Example: Calculating the Trend Value of a Log-Linear Trend Time Series

An investment analyst wants to fit the weekly sales (in millions) of his company by using the sales data from Jan 2016 to Feb 2018. The regression equation is defined as:

$$ \text {ln⁡} {\text Y_{\text t}} =5.1062 +0.0443{\text t},\text t = 1,2,…,100 $$

What is the trend estimated value of the sales in the 80th week?


From the regression equation, \(\hat \beta_0=5.1062\) and \(\hat \beta_1=0.0443\).
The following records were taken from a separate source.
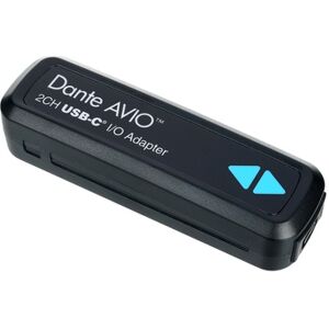 Dante AVIO USB-C IO Adapter 2x2; für die Anbindung eines Computers an ein Dante Netzwerk; ideal für das Aufnehmen oder Abspielen eines Stereosignals; robustes Gehäuse; voll funktionsfähige Dante-Schnittstelle; überträgt zwei Eingänge und zwei Ausgänge mit 48kHz / 24 Bit ; class compliant; Anschlüsse: RJ45 und USB Type-C; Hinweis: kann mit einem optionalem USB Kabel Typ A auf Typ C auch an USB A Ports angeschlossen werden (Artikel 491488 - nicht im Lieferumfang enthalten)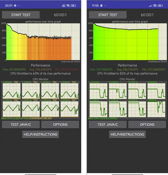ご覧のように、Xiaomi 15T Proではテストを開始してしばらくするとパフォーマンスがピーク時の60%程度まで低下しています。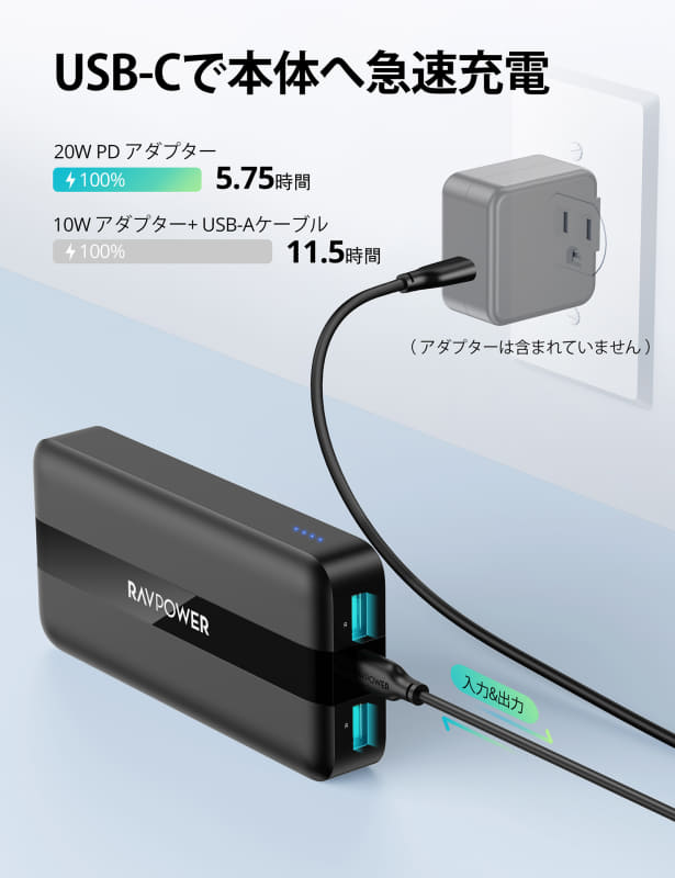 「RAVPower」から20W出力の大容量モバイルバッテリー、発売記念セールも(5/7)
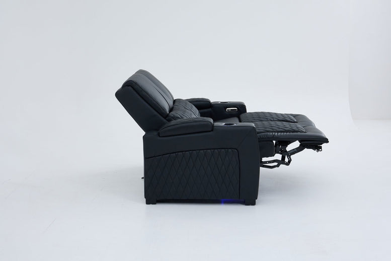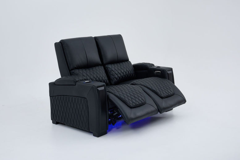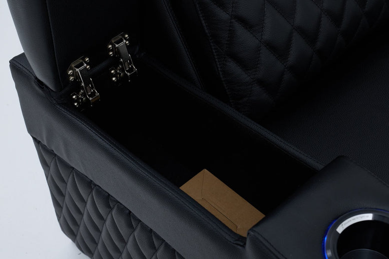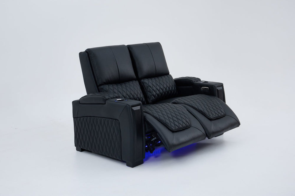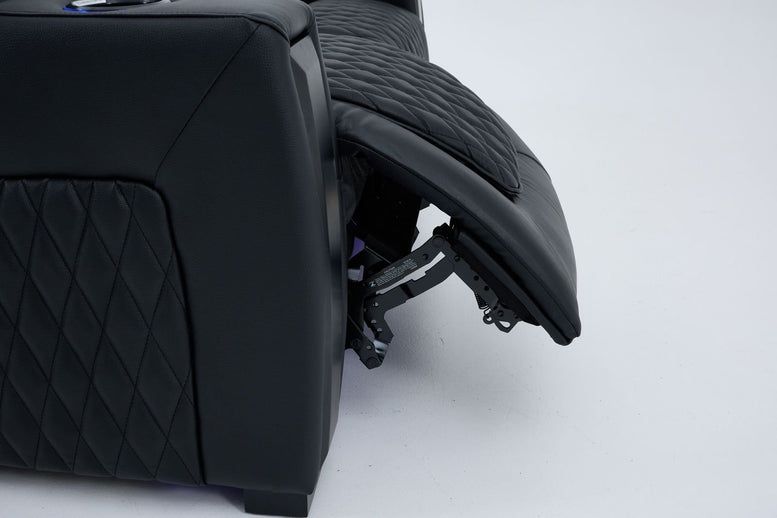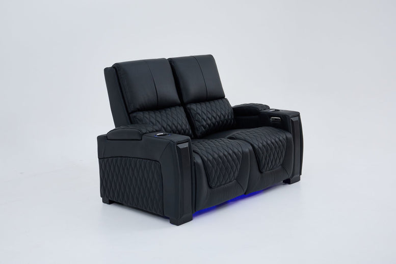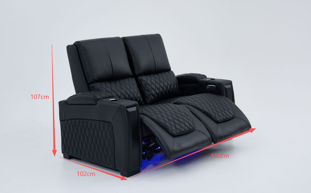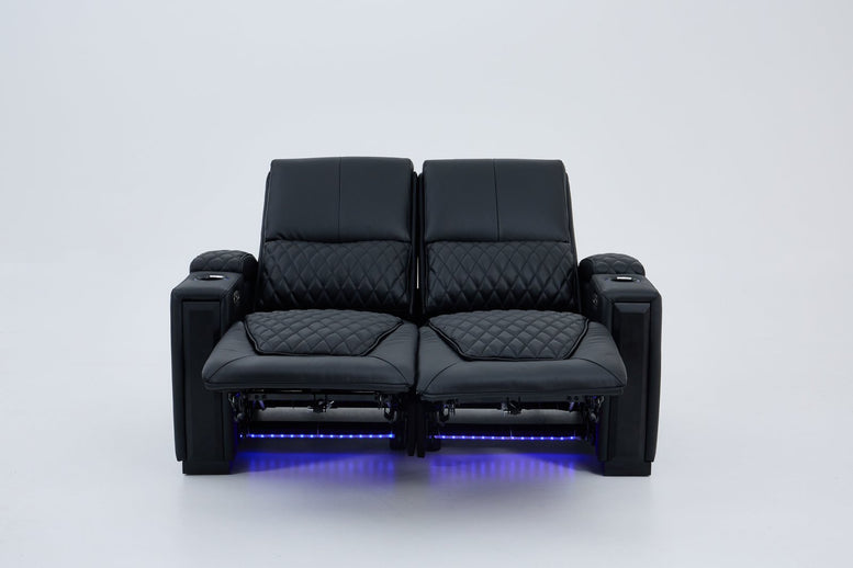 This special design is perfect for space efficiency and close relationship. Transform your movie nights into a five-star cinematic experience with our top-grade genuine leather electronic home theater recliner. Expertly crafted for comfort, style, and convenience, each seat features plush diamond-stitched upholstery, power reclining mechanisms, and built-in cup holders for a true VIP feel. The sleek, modern design with ambient LED base lighting creates a dramatic and immersive atmosphere in any home theater setting.

We know that, under log-linear trend models, the predicted trend value is given by:

$$ {\text Y_{\text t}}={\text e}^{\hat \beta_0+\hat \beta_1 {\text t}} $$

$$ \Rightarrow {\text Y}_{80}={\text e}^{5.1062 +0.0443×80}=5711.29 {\text { Million}} $$

Quadratic Time Trend

A polynomial-time trend can be defined as:

$$ {\text Y_{\text t}}=\beta_0+\beta_1 \text t+\beta_2 {\text t}^2+⋯+\beta_{\text m} {\text t}^{\text m} \epsilon_{\text t},\text t=1,2,…,\text T $$

Practically speaking, the polynomial-time trends are only limited to the linear (discussed above) and the quadratic (second degree) time trend. In a quadratic time trend, the parameter can be estimated using the OLS. The approximated parameter are asymptotically normally distributed and hence statistical inference using the t-statistics and the standard error happen only if the residuals \(\epsilon_\text t\) are white noise.
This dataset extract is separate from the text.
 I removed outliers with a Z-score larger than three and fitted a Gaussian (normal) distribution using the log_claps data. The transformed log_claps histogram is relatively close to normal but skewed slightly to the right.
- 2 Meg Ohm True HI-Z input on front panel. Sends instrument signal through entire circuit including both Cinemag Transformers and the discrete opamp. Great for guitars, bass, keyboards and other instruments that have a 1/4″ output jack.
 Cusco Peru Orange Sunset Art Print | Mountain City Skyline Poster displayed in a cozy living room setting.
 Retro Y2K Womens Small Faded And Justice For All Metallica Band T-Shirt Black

The Log-Quadratic Time Trend

As the name suggests, this time trend is a mixture of the log-linear and quadratic time series. It is given by:

$$ \text {ln }⁡{\text Y_{\text t}}=\beta_0+\beta_1 \text t+\beta_2 {\text t}^2 $$

It can be shown that the growth rate of the log-quadratic time trend is \(\beta_1+2\beta_2 {\text t}\). This can be seen as follows:

The value of the time-series at time t is \(⁡{\text Y_{\text t}}={\text e}^{\beta_0+\beta_1 \text t+\beta_2 {\text t}^2}\), and at t+1, we have

\(\text Y_{\text t+1}={\text e}^{\beta_0+\beta_1 (\text t+1)+\beta_2 {(\text t+1)}^2}\). This implies that the ratio:

$$ \cfrac { \text Y_{\text t+1}}{\text Y_{\text t}} =\cfrac {{\text e}^{\beta_0+\beta_1 (\text t+1)+\beta_2 {(\text t+1)}^2}}{{\text e}^{\beta_0+\beta_1 \text t+\beta_2 {\text t}^2}}=\text e^{\beta_1+2\beta_2 {\text t}} $$

If we take a natural log on the results, we get the desired result.
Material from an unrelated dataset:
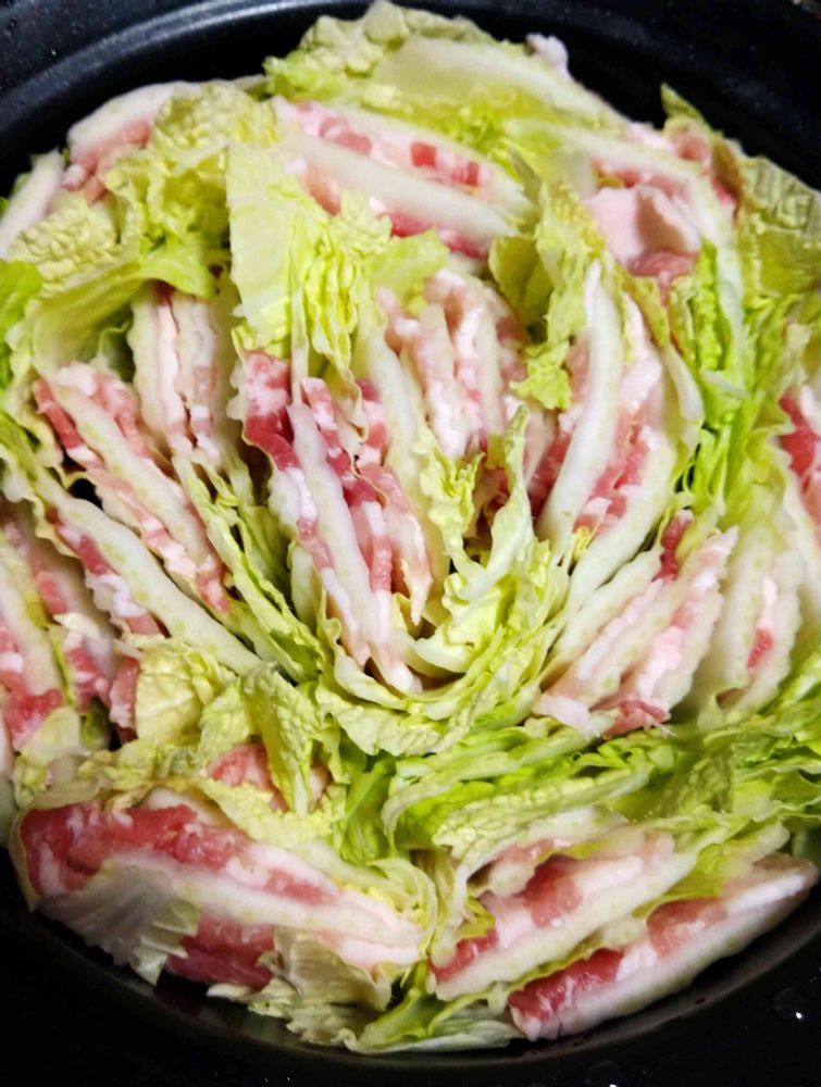 白菜に豚バラ乗せたら白菜は茎の方と葉っぱの方と互い違いにおいてね🐽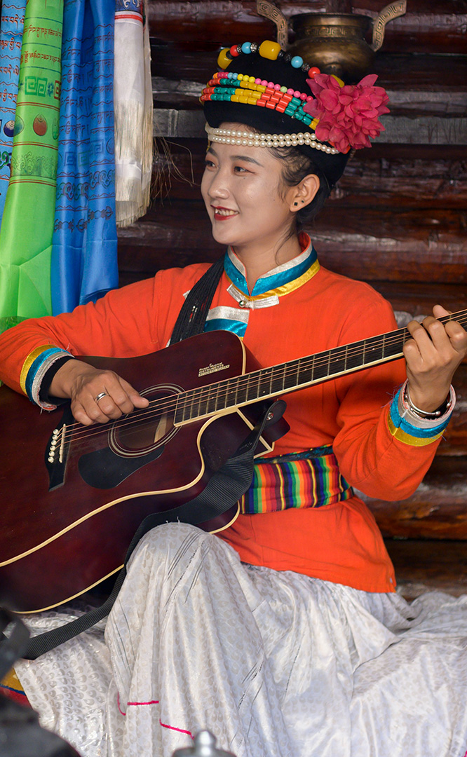摩梭人是納西族的一個(gè)支系,多聚居在寧蒗縣永寧鄉(xiāng)的瀘沽湖畔,人口約8萬。摩梭民居就地取材,用圓木橫壘為墻,建成合院式寨樓居住,這類井干式建筑又稱木楞房,具有較好的御寒保溫性能,體現(xiàn)了順應(yīng)自然的生態(tài)觀。摩梭人保留了母系大家庭的基本形態(tài),呈現(xiàn)在您眼前的是一個(gè)完整的摩梭家庭的四合院,由正房、經(jīng)堂、花樓、門樓等構(gòu)成,正房坐北朝南,通稱祖母房。居住一家中最年長(zhǎng)的女性,同時(shí)也是一大家人飲食、待客、議事的核心場(chǎng)所...

Example: Calculating the Growth Rate of Log-Quadratic Time Trend

The monthly real GDP of a country over 20 years can be modeled by the time series equation given by:

$$ \text {RG}_{\text T}=6.75+0.015{\text t}+0.0000564{\text t}^2$$

What is the growth rate of the real GDP of this country at the end of 20 years?


This is the log-quadratic time trend whose growth rate is given by

$$ {\beta_1+2\beta_2 {\text t}} $$

From the regression time-series equation given, we have \({\hat \beta}_1=0.015\) and \({\hat \beta}_2=0.0000564\) so that the growth rate is given by:

$$ {\beta_1+2\beta_2 {\text t}}=0.015+2×0.0000564×240=0.0421$$

Note that, since the data is modeled monthly, at the end of 20 years implies 240th month!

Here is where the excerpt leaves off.